# MP volume calculation



## chlobue (Sep 8, 2009)

Is  there any way you can figure volume for MP?
I have to make alot of MP for an upcoming show.
Any help will be appreciated.
I'll be using a large wooden mold.

TIA

chl


----------



## CarmenJean (Sep 8, 2009)

Weigh out 100g of soap, melt it completly in a measuring jug, and make a note of the volume.  You'll be able to work out other volumes from there.

HTH.


----------



## Tabitha (Sep 8, 2009)

You can fill the mold w/ water, pour the water into a measuring bowl & figure it that way.


----------



## llineb (Sep 15, 2009)

Tabitha said:
			
		

> You can fill the mold w/ water, pour the water into a measuring bowl & figure it that way.

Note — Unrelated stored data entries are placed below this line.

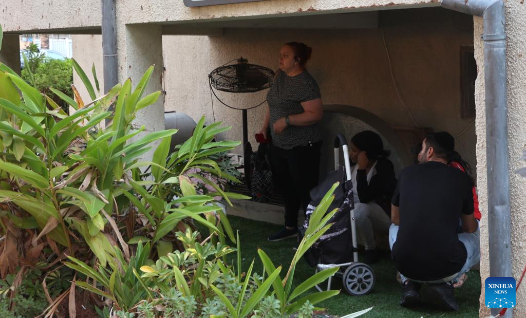People shelter themselves as the siren goes off in Tel Aviv, Israel, on Nov. 12, 2024. Two men were killed in Israel's northern city of Nahariya on Tuesday in a rocket attack from Lebanon, Israeli authorities said. According to the Israeli military, Hezbollah forces launched two barrages in the afternoon, the first of around 10 rockets targeting the north that led to the casualties, and the second of three rockets targeting the Tel Aviv area, which was intercepted by the Israeli Air Force. (Photo by Gil Cohen Magen/Xinhua)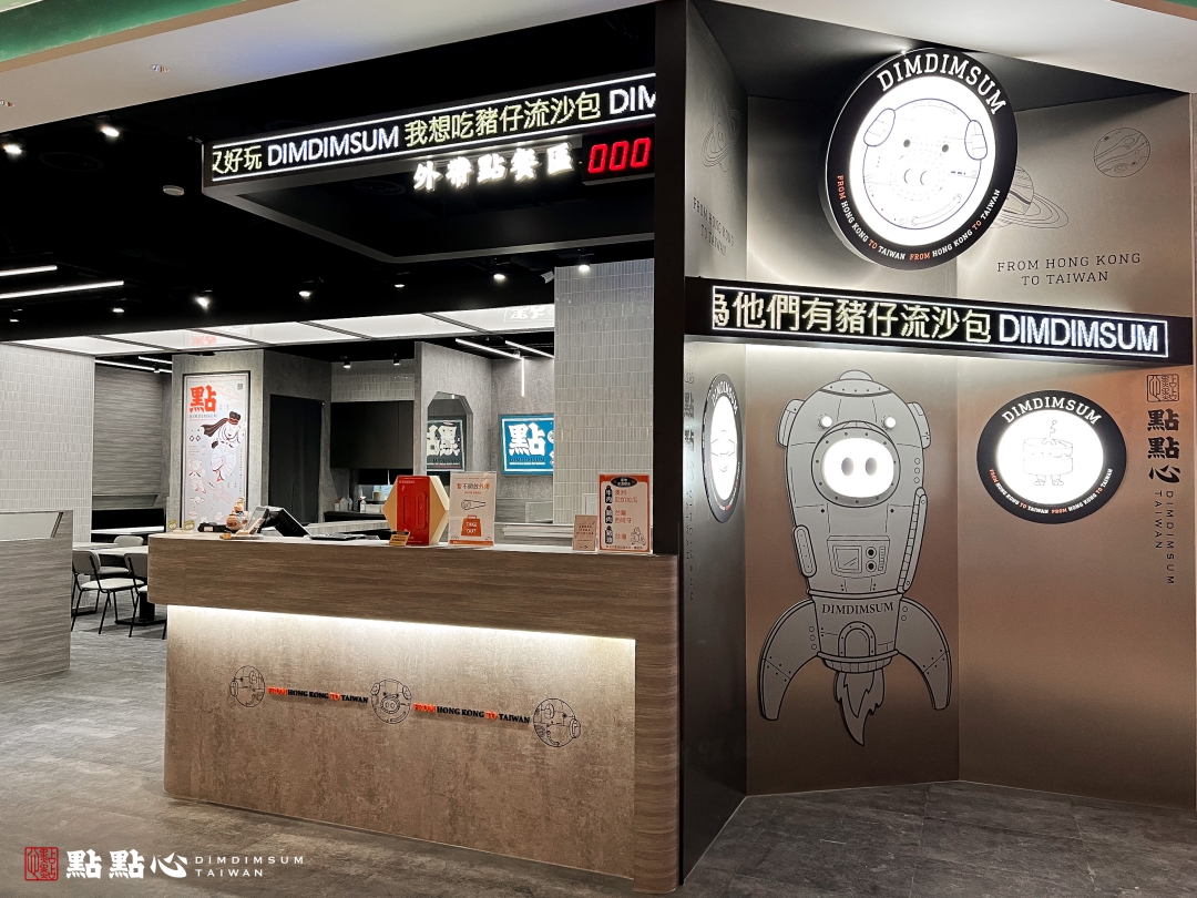 以一顆會流鼻涕的「豬仔流沙包」颳起全台港點熱潮的點點心,正式插旗點點心新店裕隆城店。這不僅是品牌第 15 號店,更是點點心第一家太空科技感的全新店型。用銀河灰 x 宇宙太空藍特調出品牌新配色,更有讓人眼睛為之一亮的 LED 光條、文字跑馬燈及牆面燈箱,邀請大家一起來遨遊港點宇宙。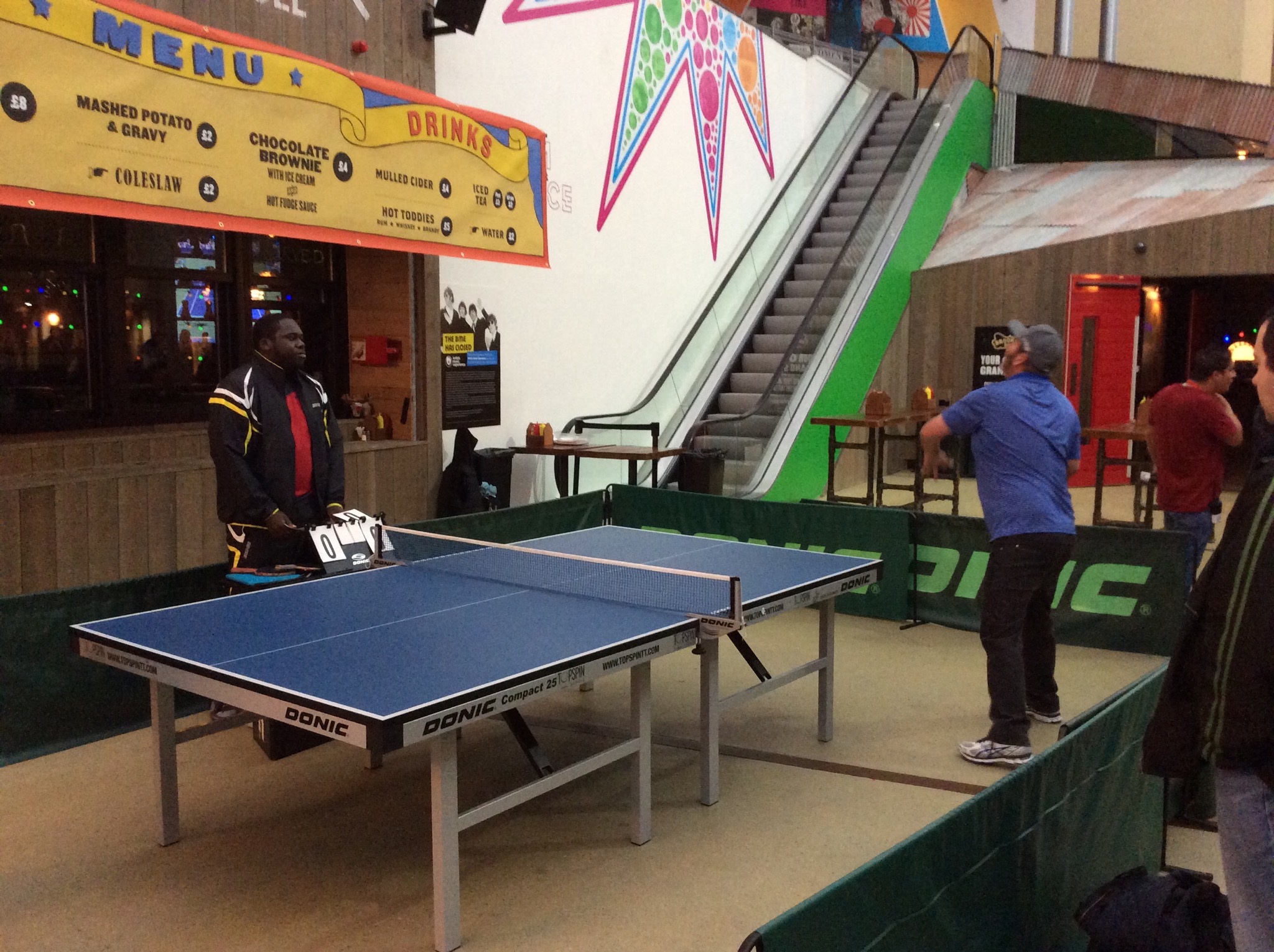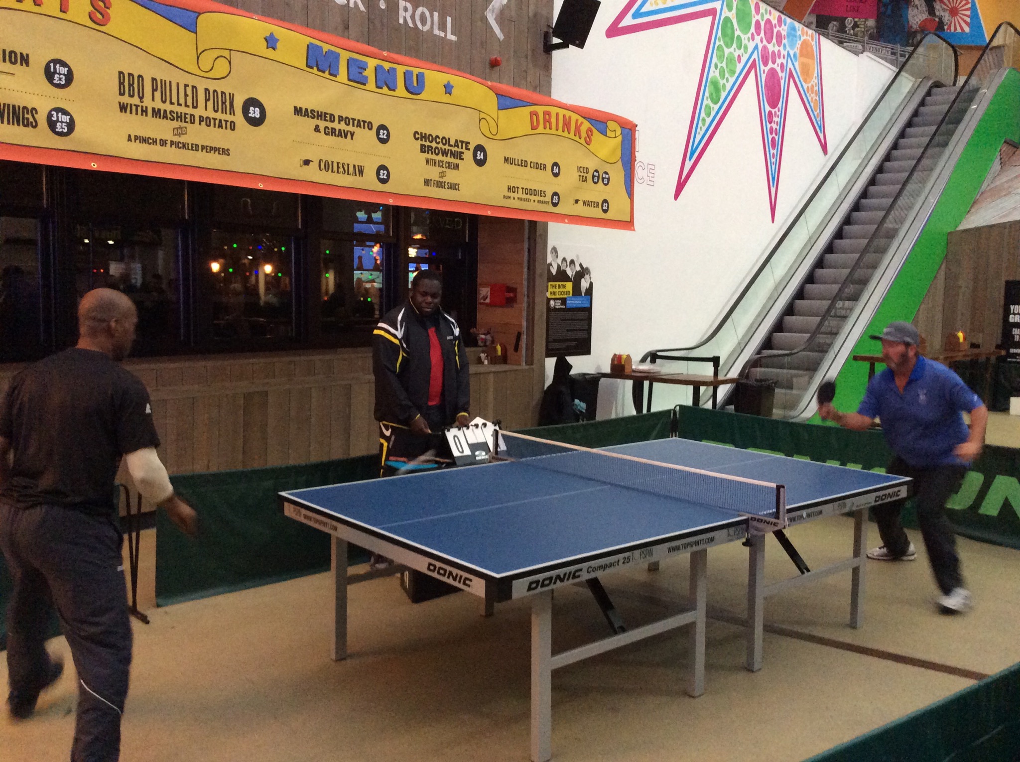 Along the way Steve discovered some table tennis going on – you could play against an English professional and if you got any points against the professional you won tickets to go ten pin bowling. Steve couldn’t resist – you could tell he was thinking I can take this guy! He put his name down and after a few minutes it was his turn – he looked good but only managed 1 point – note the games were only up to 3. He then put his name down and again only managed 1 point. I had to drag him away to go and find our seats.

yes, for every 2 cups water you will need a pound of soap.


----------



## kevie192 (Sep 16, 2009)

I usually put the mould on the scales and tare it, then fill the mould with water and note the weight. Times this weight by 1.25 and that's a rough estimate of how much solid M&P base it will take to fill.

Be careful about taking weights when M&P is melted because during the melting process it loses water and, therefore, weight. I use this method because it allows me to get a correct weight from the M&P out of the box.

HTH

Kevin x


----------